*STORED DATA*
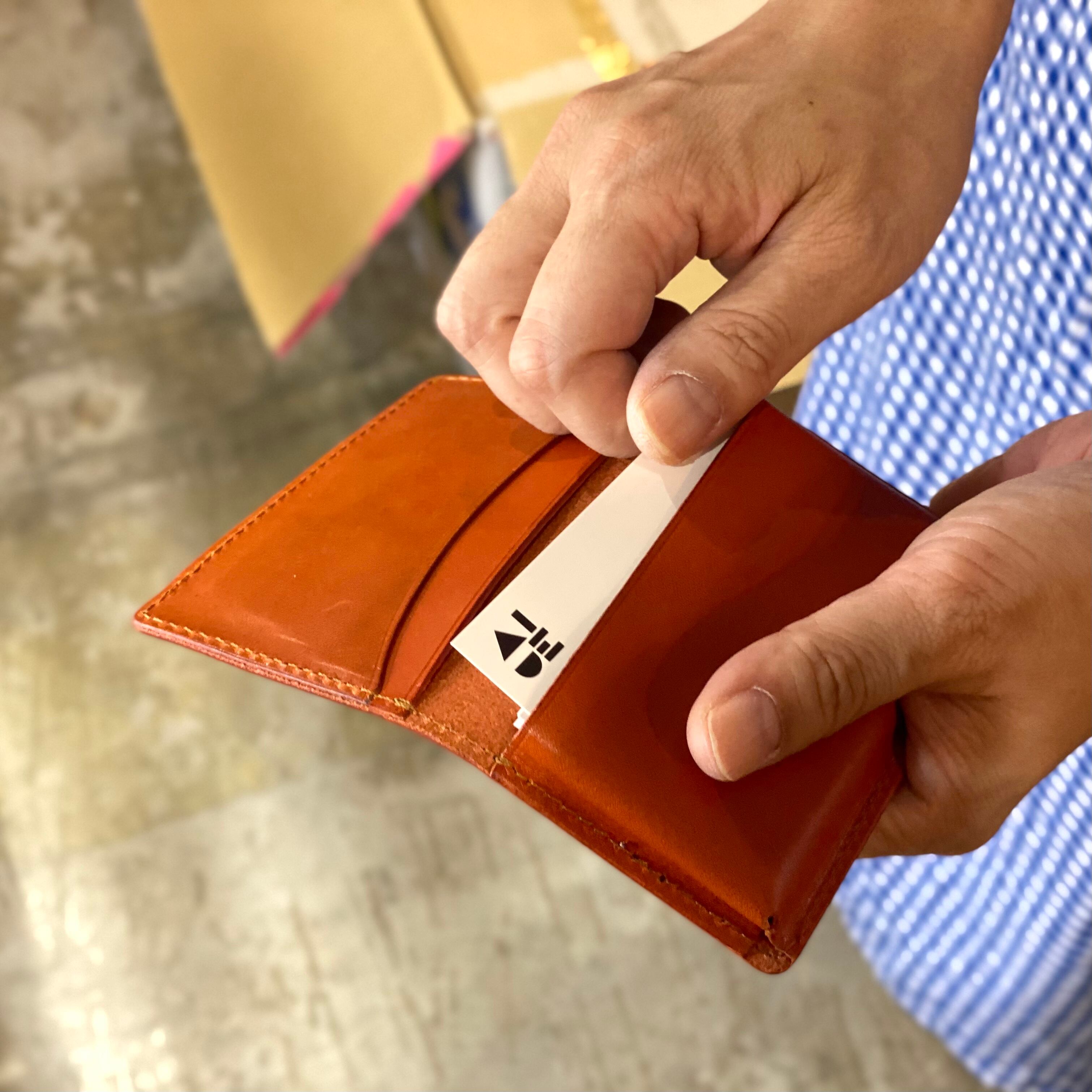 自身の経験を元に、いただいた名刺を一旦入れるためにも重宝するように、広めのポケット以外に3つのポケットをつくりました。シンプルですが機能的なカタチで作りました。
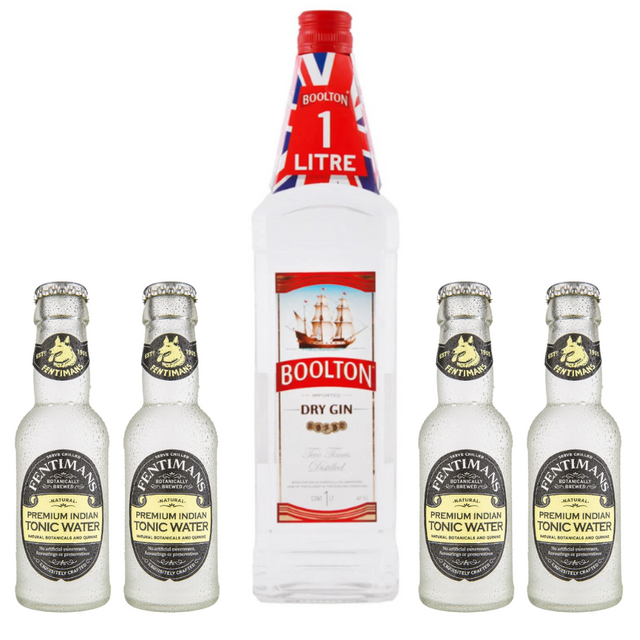 Pack Gin Boolton Dry 40° 1000cc + 4 Fentimans Premium Tonic Water
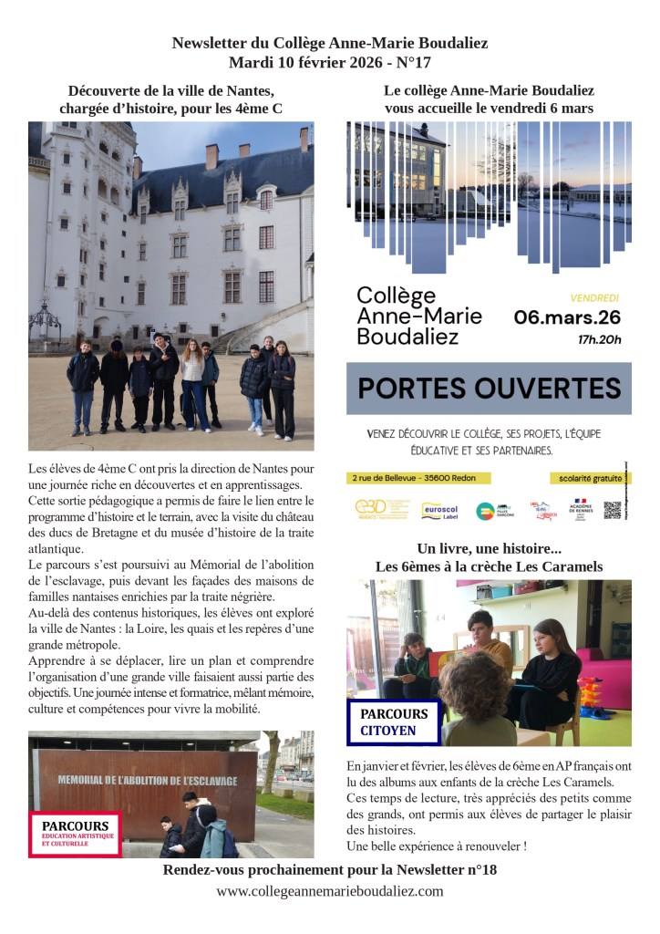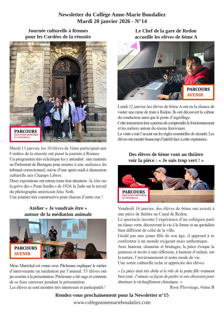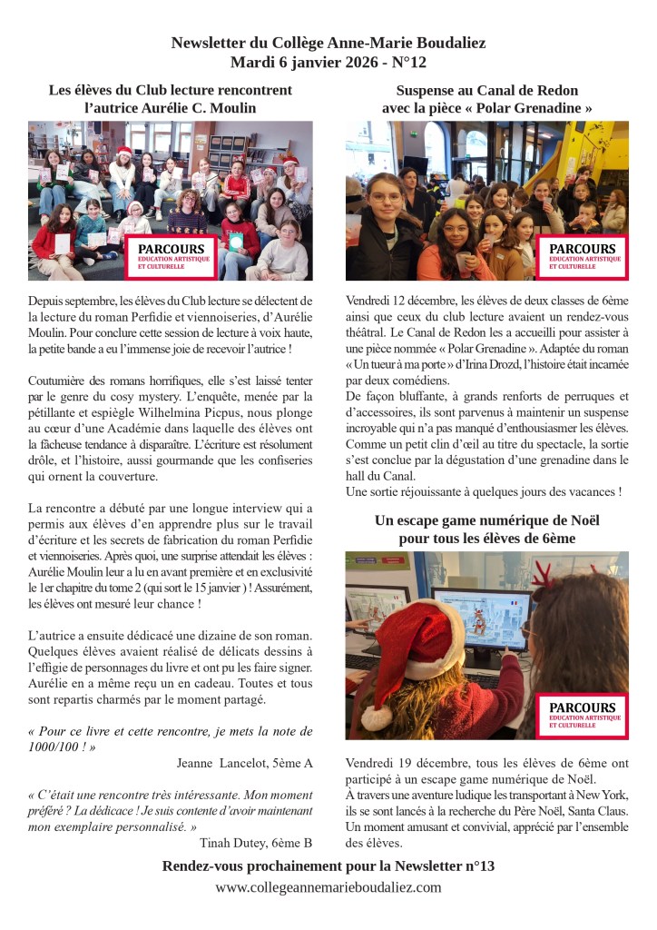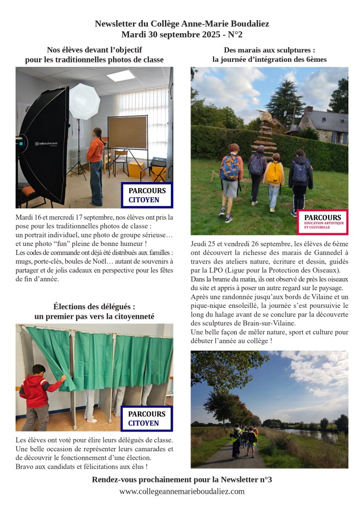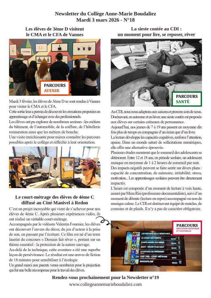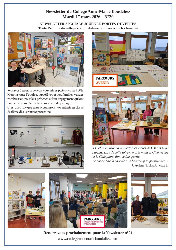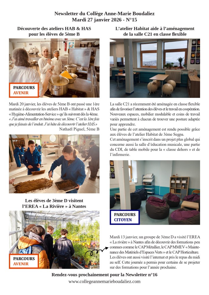 Parce qu’il ne se passe pas une semaine sans que les élèves du collège Anne-Marie Boudaliez n’explore de nouveaux horizons, Tamara Poignant va à la rencontre des équipes pour collecter les informations qu’elle nous fait partager dans la newsletter de l’établissement. Le meilleur moyen pour découvrir la richesse des parcours proposés et conserver une trace des évènements qui jalonnent une année scolaire.

*WORK ITEM*
No image belongs in the copy. Transcribe the full listing verbatim.

*EXPECTED ANSWER*
 自身の経験を元に、いただいた名刺を一旦入れるためにも重宝するように、広めのポケット以外に3つのポケットをつくりました。シンプルですが機能的なカタチで作りました。
 Pack Gin Boolton Dry 40° 1000cc + 4 Fentimans Premium Tonic Water
 Parce qu’il ne se passe pas une semaine sans que les élèves du collège Anne-Marie Boudaliez n’explore de nouveaux horizons, Tamara Poignant va à la rencontre des équipes pour collecter les informations qu’elle nous fait partager dans la newsletter de l’établissement. Le meilleur moyen pour découvrir la richesse des parcours proposés et conserver une trace des évènements qui jalonnent une année scolaire.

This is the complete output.